But Townsend reminds us that that’s hard. First of all, it’s just plain hard.
Second, without growing up in a community that musically supports/creates that tradition, or without having lots of apprenticeship opportunities (the ones that musician-employing night-clubs supply), it’s going to be even more work. And that’s the situation most of us tend to be in these days. Of course, as I’ve mentioned, it is not impossible: Eric Clapton, and even more so Dave Gonzalez, largely pulled it off. We could name others.
And third, there is another whole dimension of difficulty. That of authenticity. From down-home folks, the middle class people you come from, and your own self, a question will arise: is your trying to musically be what you just socially/intellectually aren’t the right thing to do?
As Plato could have told you, to get up on stage and sing (or even play) the blues, the country & western, or the soul music, is to be imitating the personalities of the early-20th century Mississippi Delta, 1930s Appalachia, or mid-century black-gospel schooled urban youth. And you won’t be able to do that unless you to some extent cultivate that personality and language within yourself, and to some extent live that life as much as is currently possible.
Muddy Waters, speaking of the British R + B explosion represented by the Rolling Stones, Yardbirds, Them, The Pretty Things, The Kinks, etc., said “The white kids can…run a ring around you playing guitar, but they cannot vocal like a black man.” Well, I’d want Waters to consider the Van Morrison and Eric Burdon cases more closely, but the basic point is undeniable. And Waters also puts it this way, in a quote that undercuts even the talent of the best guitar players like Clapton and Page:
“I think they’re great people, but they’re not blues players. Really, what separates them from people like Howlin’ Wolf and myself, we’re doing the stuff like we did way years ago down in Mississippi. These kids are just getting up, getting stuff and going with it, you know, so we’re expressing our lives, the hard times and the different things we been through. I don’t think you can feel the blues until you’ve been through some hard times.”
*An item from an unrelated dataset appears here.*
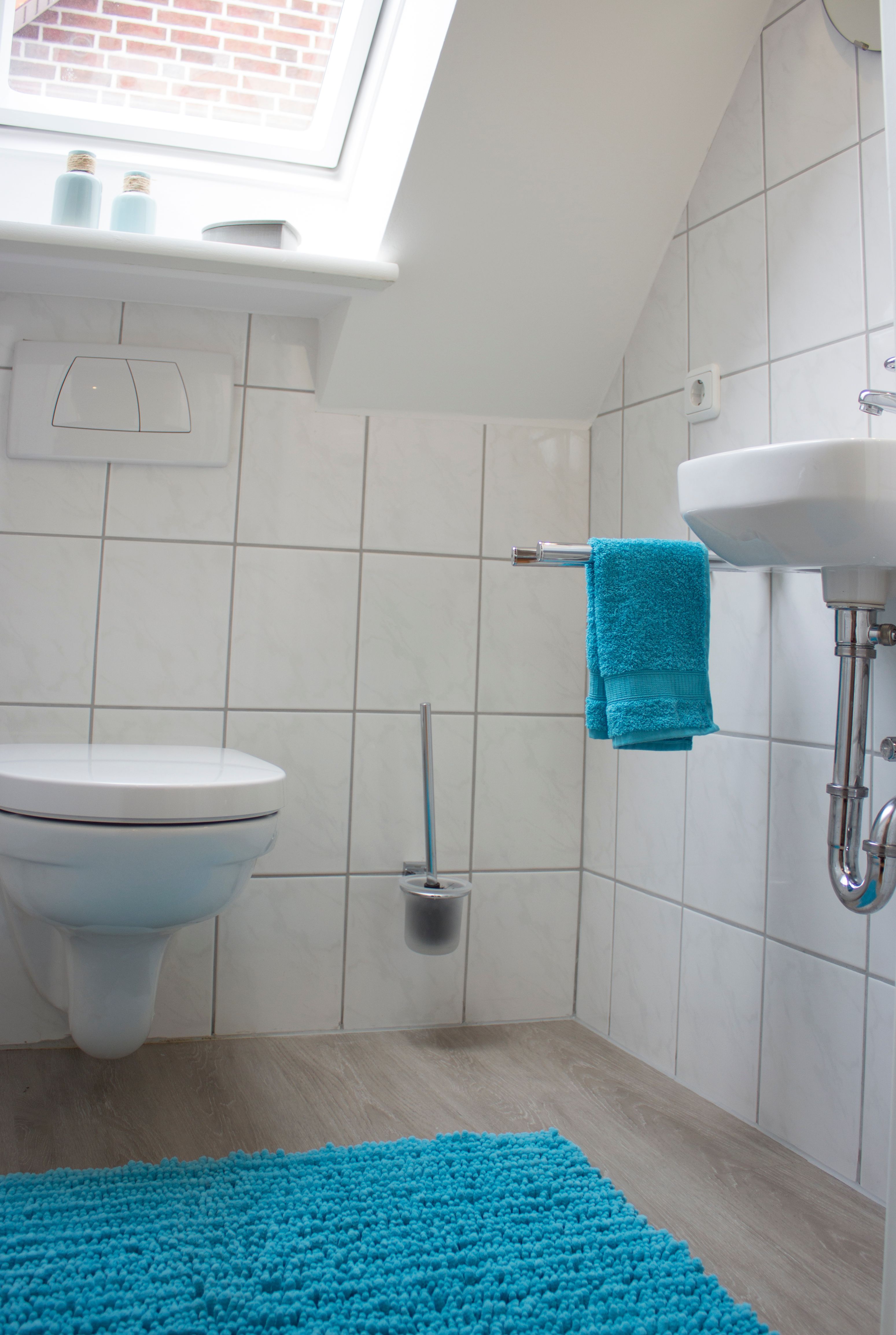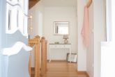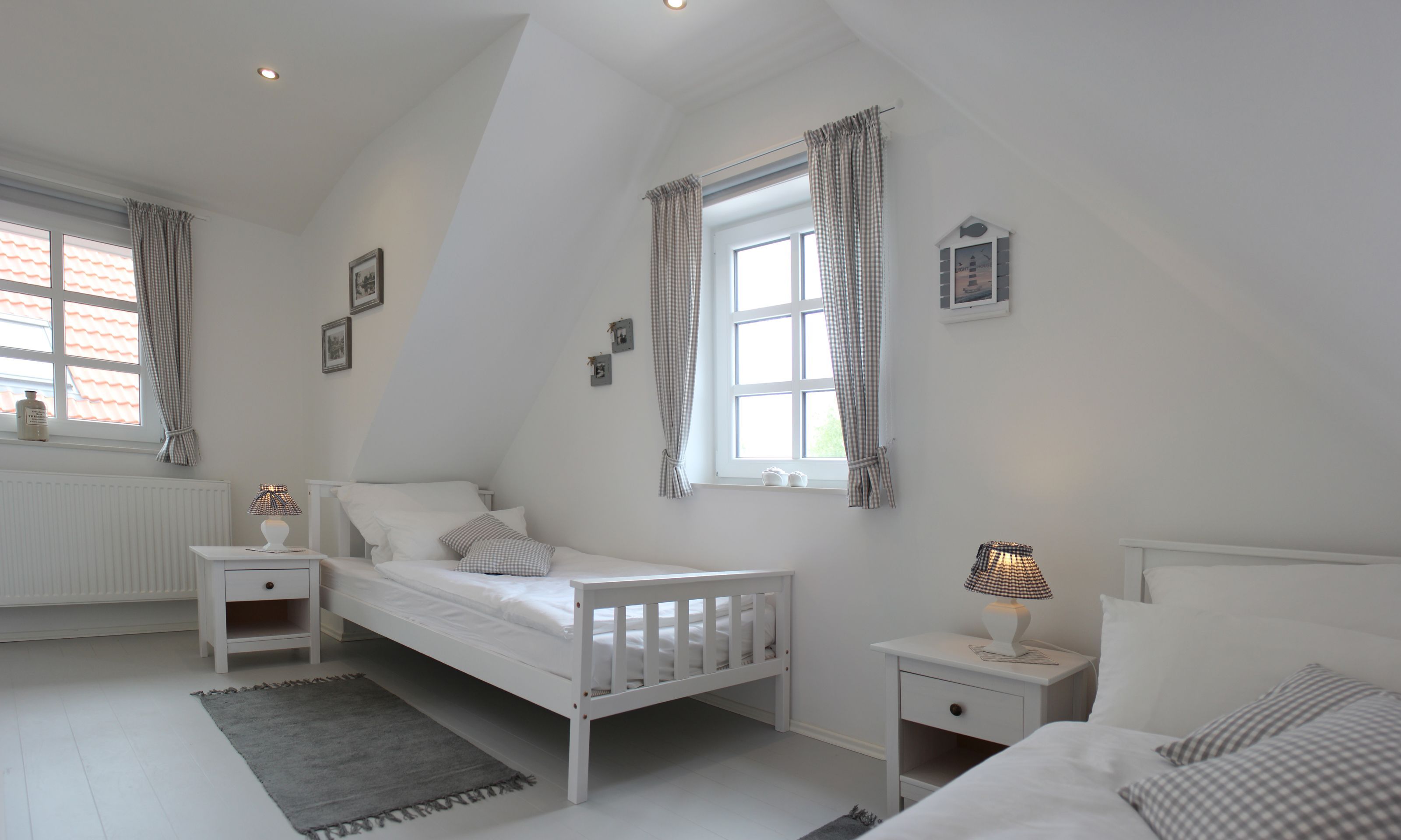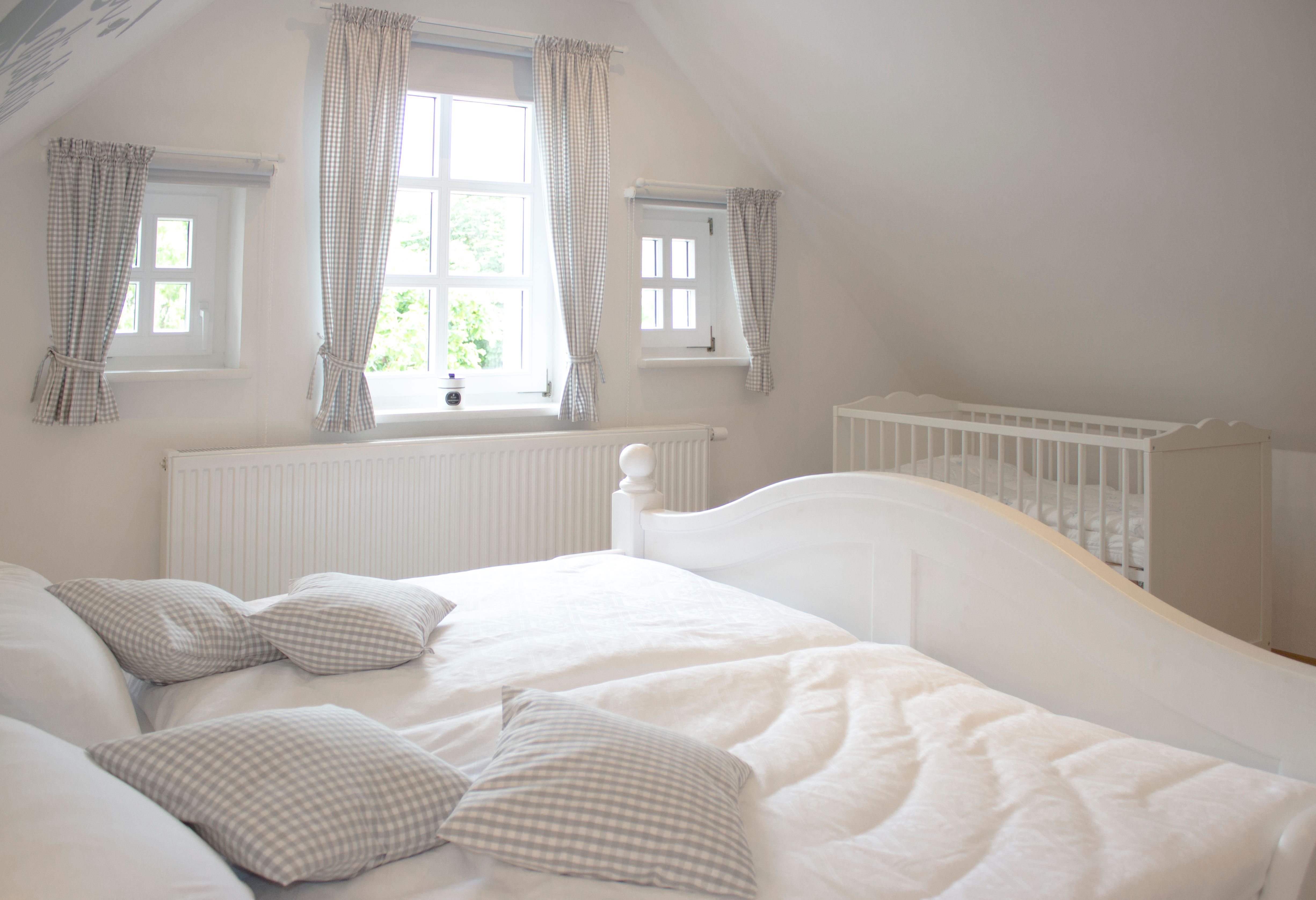 Im gut isolierten Obergeschoss befinden sich zwei großzügige Schlafzimmer und ein separates WC. Das Elternschlafzimmer mit Echtholzparkett und Blick auf die Harle verfügt über ein komfortables Doppelbett, ein Kinderbett und viel Stauraum. Im zweiten Schlafzimmer stehen Twin-Betten für Sie bereit.

So for the British blues purists, there seemed no way to win—a few stuck it out and became real blues musicians, but most, even those most attuned to and capable of doing the style such as Van Morrison, found it necessary soon enough to bring other elements into their music—to “get other stuff.” Brian Jones, perhaps the most purist blues player of the Stones’ initial line-up, felt the problem from the get-go:
“If you ask some people why they go for R+B you get pretentious answers. They say that in R+B they find ‘an honesty of expression’ …and so on, for me it’s merely the sound…I mean, I like all sorts of sounds…It doesn’t express damn-all to me, really…But I like the sound.”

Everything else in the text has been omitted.